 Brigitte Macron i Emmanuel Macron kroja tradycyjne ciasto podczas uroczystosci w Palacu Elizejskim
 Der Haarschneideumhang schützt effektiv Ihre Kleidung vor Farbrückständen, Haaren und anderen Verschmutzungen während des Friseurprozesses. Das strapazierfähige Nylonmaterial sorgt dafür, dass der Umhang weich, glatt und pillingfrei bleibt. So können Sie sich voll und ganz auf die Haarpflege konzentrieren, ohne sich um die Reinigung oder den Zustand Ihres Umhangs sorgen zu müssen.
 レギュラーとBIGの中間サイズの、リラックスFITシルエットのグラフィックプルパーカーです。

· · · · ·

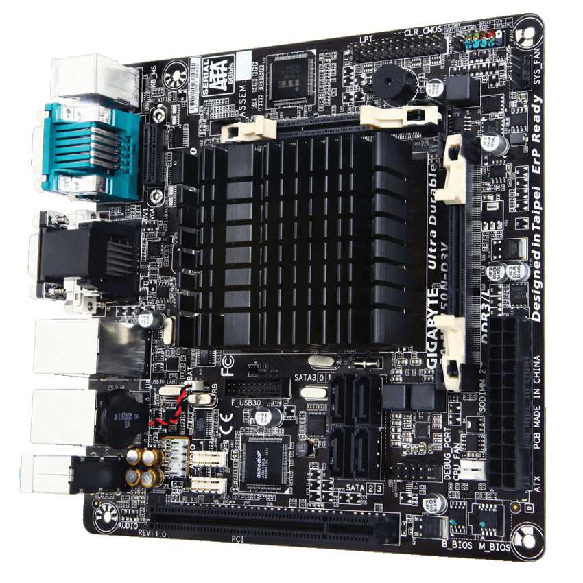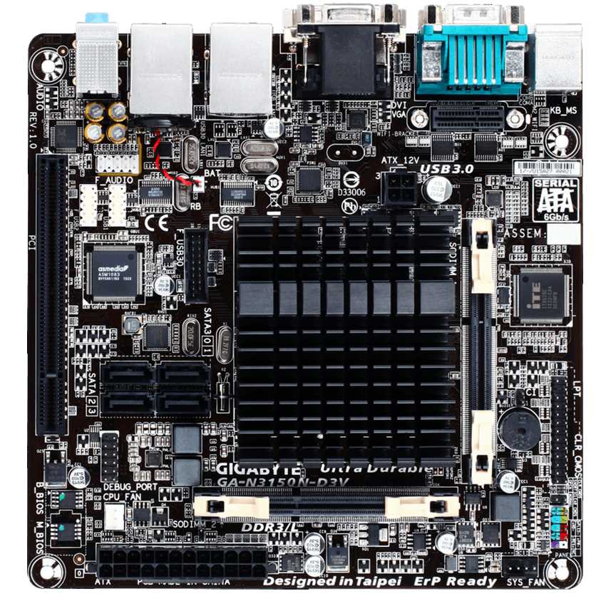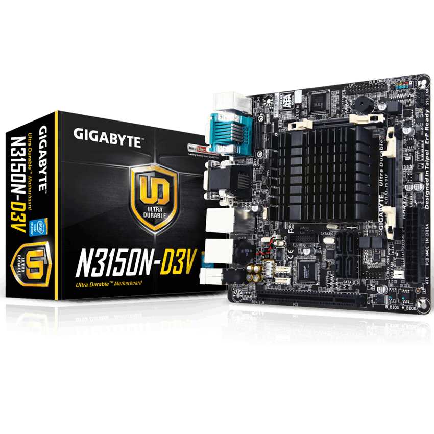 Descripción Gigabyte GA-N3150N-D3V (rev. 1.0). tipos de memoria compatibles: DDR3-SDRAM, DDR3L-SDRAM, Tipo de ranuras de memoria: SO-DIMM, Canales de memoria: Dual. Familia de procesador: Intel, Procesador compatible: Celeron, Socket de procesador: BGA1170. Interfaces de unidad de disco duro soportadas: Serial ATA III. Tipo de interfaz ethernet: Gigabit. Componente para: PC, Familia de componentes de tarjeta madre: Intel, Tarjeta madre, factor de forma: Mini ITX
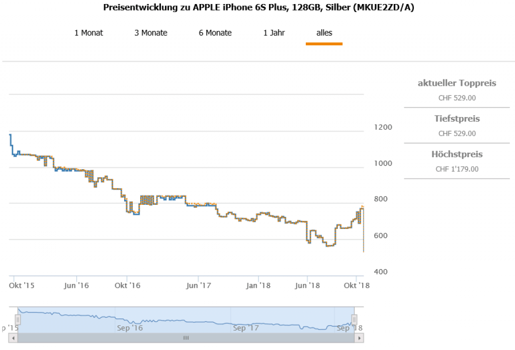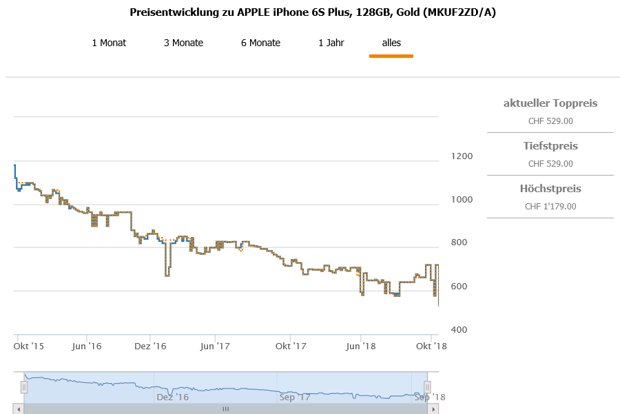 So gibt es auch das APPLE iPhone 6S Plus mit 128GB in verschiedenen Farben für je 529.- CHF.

· · · · ·

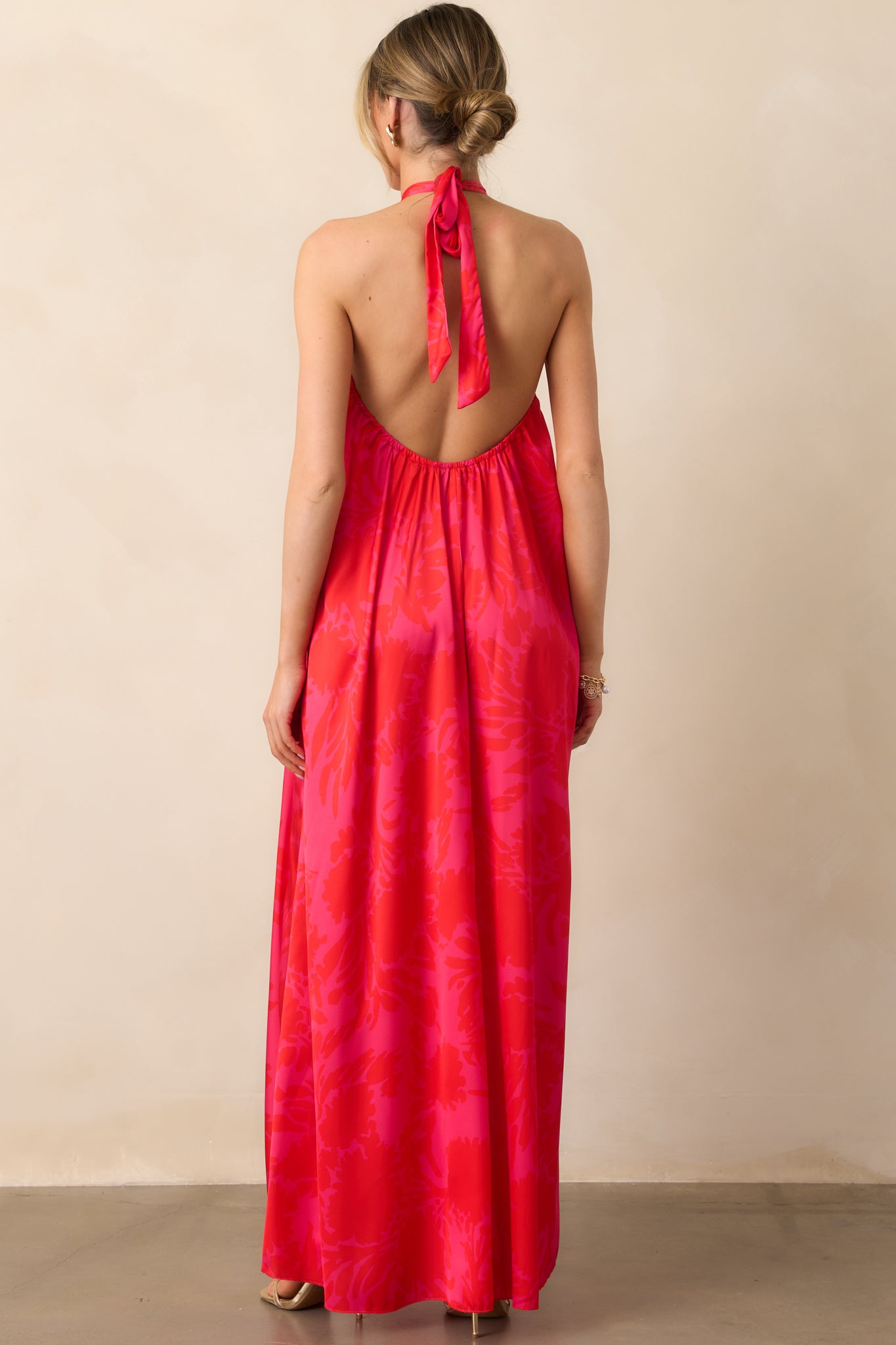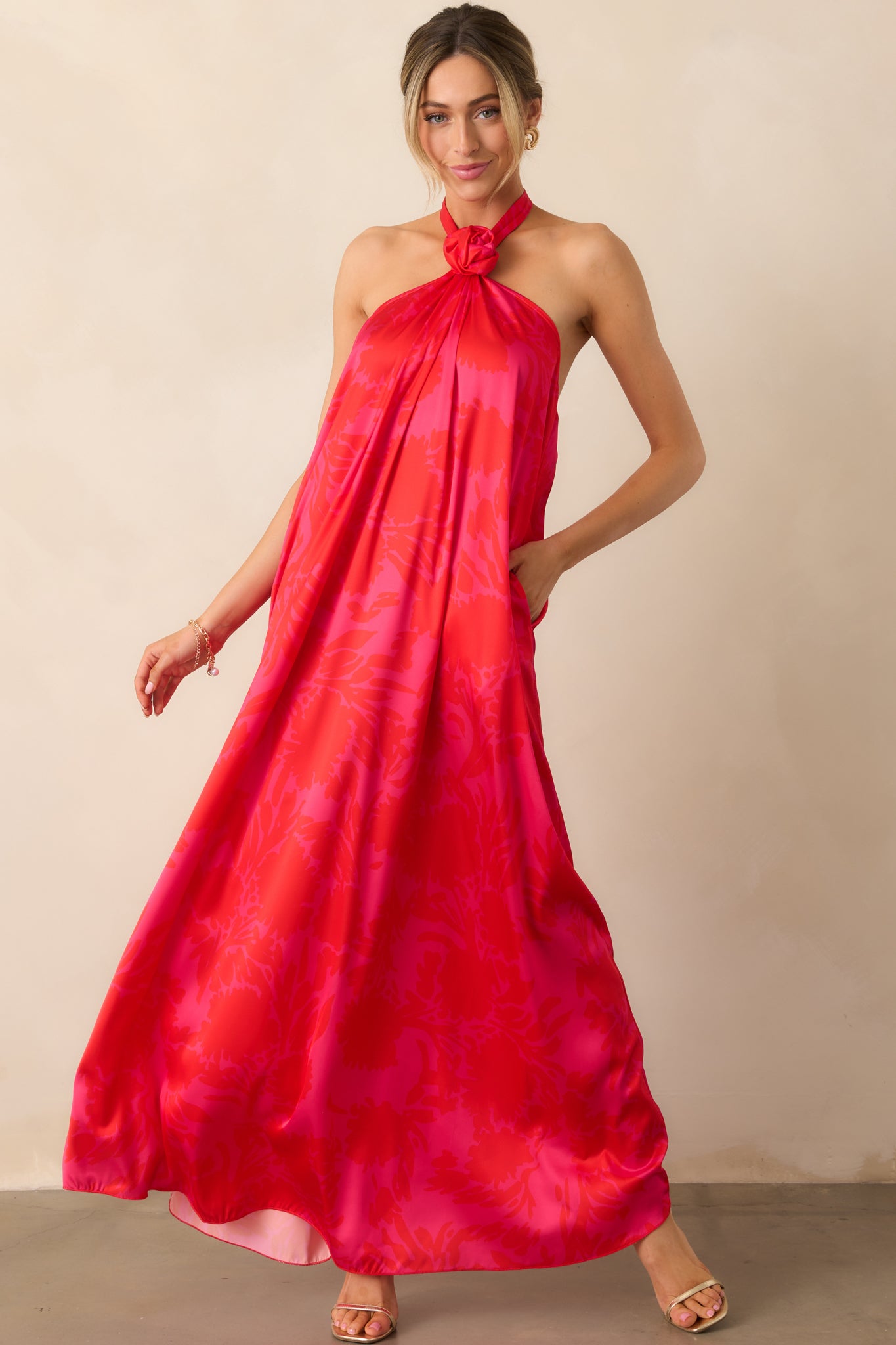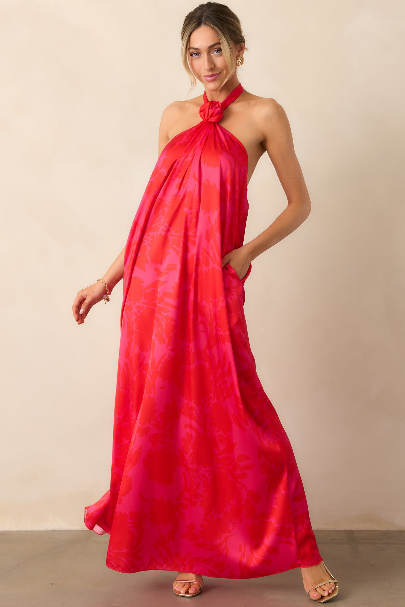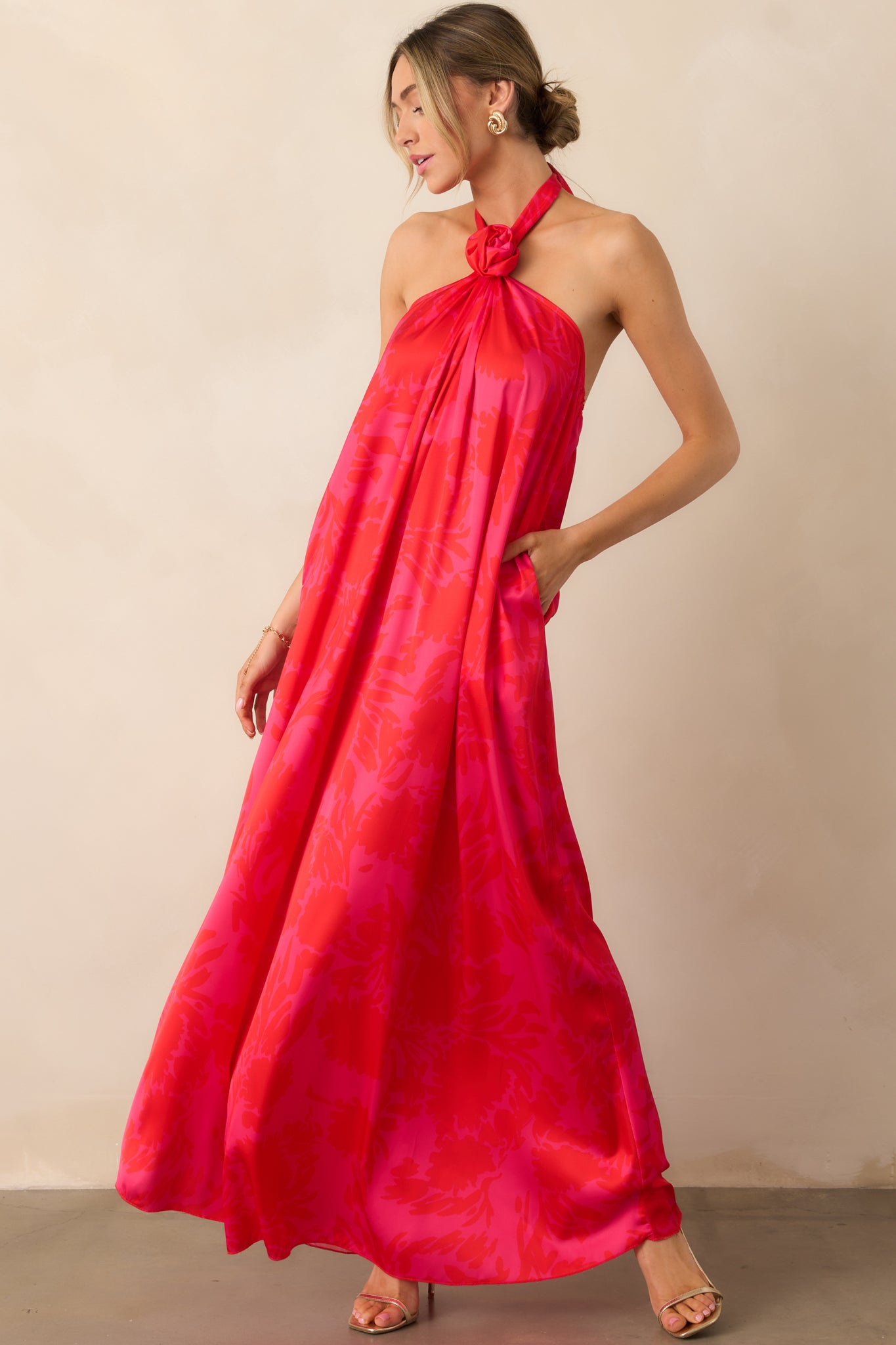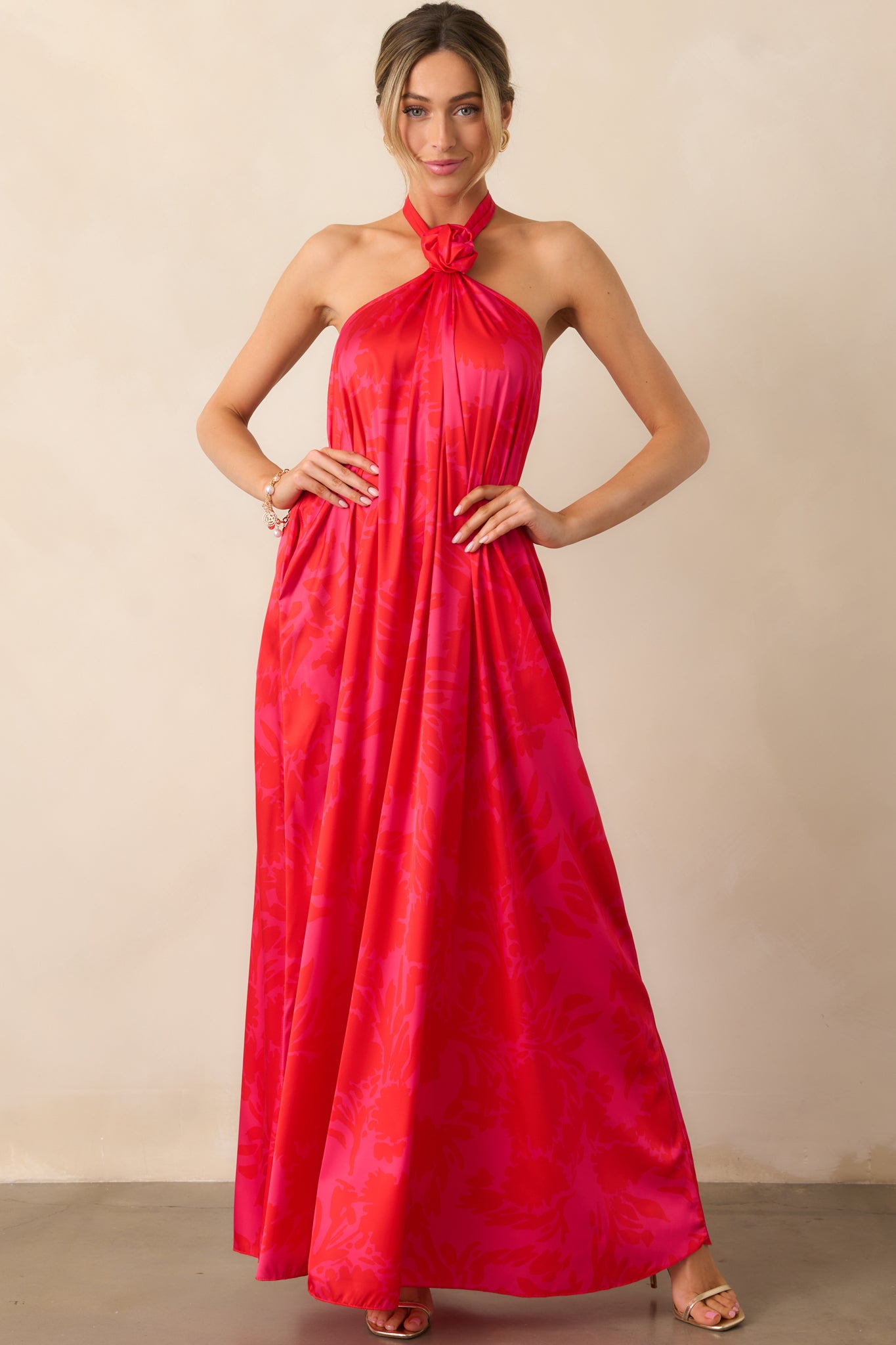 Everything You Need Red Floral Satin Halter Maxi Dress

· · · · ·

# Problem statement
Pictures excluded, reproduce only the part above that opens with the line holding "Descripción Gigabyte GA-N3150N-D3V" and closes with the line holding "So gibt es auch", exactly as written.

# Solution below
 Descripción Gigabyte GA-N3150N-D3V (rev. 1.0). tipos de memoria compatibles: DDR3-SDRAM, DDR3L-SDRAM, Tipo de ranuras de memoria: SO-DIMM, Canales de memoria: Dual. Familia de procesador: Intel, Procesador compatible: Celeron, Socket de procesador: BGA1170. Interfaces de unidad de disco duro soportadas: Serial ATA III. Tipo de interfaz ethernet: Gigabit. Componente para: PC, Familia de componentes de tarjeta madre: Intel, Tarjeta madre, factor de forma: Mini ITX
 So gibt es auch das APPLE iPhone 6S Plus mit 128GB in verschiedenen Farben für je 529.- CHF.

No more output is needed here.